The issue before the court was whether either party had any property rights to the jewel.

JUDGMENT

The Court held that both Armory and Delamirie had property rights in the jewel, even though
neither was the true owner.

Lord Pratt CJ held they each have a right to possession that is enforceable against everyone
except those with a greater right to the possession. The true owner of the jewel was not
relevant; the Court was only concerned with who had a better right to possession.

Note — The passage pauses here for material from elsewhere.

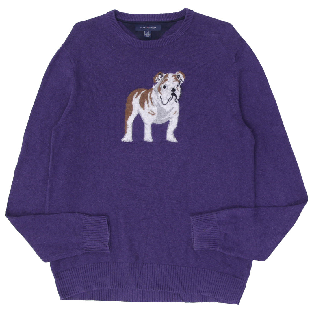 Mens Tommy Purple Bulldog Cotton Pullover Elbow Pads Crew Sweater

The priority of rights to possession say that a finder has better title to property that he or she
finds over everyone except the true owner, thus Armory had full title to the jewel. The Court
found in favour of Armory.

Since the jewel was not produced at the trial, Armory was awarded the maximum value that a
jewel of that form could have (under the principle that a wrongdoer should not be able to
derive gain, i.e. uncertainty of damages, from the effects of his wrongdoing).

REPORT

The plaintiff being a chimney sweeper's boy found a jewel and carried it to the defendant's shop
(who was a goldsmith) to know what it was, and delivered it into the hands of the apprentice,
who under pretence of weighing it, took out the stones, and calling to the master to let him
know it came to three halfpence, the master offered the boy the money, who refused to take it,
and insisted to have the thing again; whereupon the apprentice delivered him back the socket
without the stones. And now in trover against the master these points were ruled:

1. That the finder of a jewel, though he does not by such finding acquire an absolute property
or ownership, yet he has such a property as will enable him to keep it against all but the rightful
owner, and subsequently may maintain trover.

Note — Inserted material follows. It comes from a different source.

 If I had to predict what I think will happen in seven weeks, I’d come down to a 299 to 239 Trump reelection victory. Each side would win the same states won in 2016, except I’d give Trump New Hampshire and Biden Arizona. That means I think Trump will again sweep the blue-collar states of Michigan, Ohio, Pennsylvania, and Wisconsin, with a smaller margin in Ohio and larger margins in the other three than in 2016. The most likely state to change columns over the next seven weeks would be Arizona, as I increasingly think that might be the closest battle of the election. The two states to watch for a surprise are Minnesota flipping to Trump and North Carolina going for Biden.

2. That the action well lay against the master, who gives a credit to his apprentice, and is
answerable for his neglect, Jones v Hart, Salk 441. Cor. Holt CJ[2] Mead v Hammond, supra.
Grammer v Nixon,[3] post, 653.

3. As to the value of the jewel several of the trade were examined to prove what a jewel of the
finest water that would fit the socket would be worth; and the Chief Justice directed the jury,
that unless the defendant did produce the jewel, and shew it not to be of the finest water, they
should presume the strongest case against him, and make the value of the best jewels the
measure of their damages: which they accordingly did.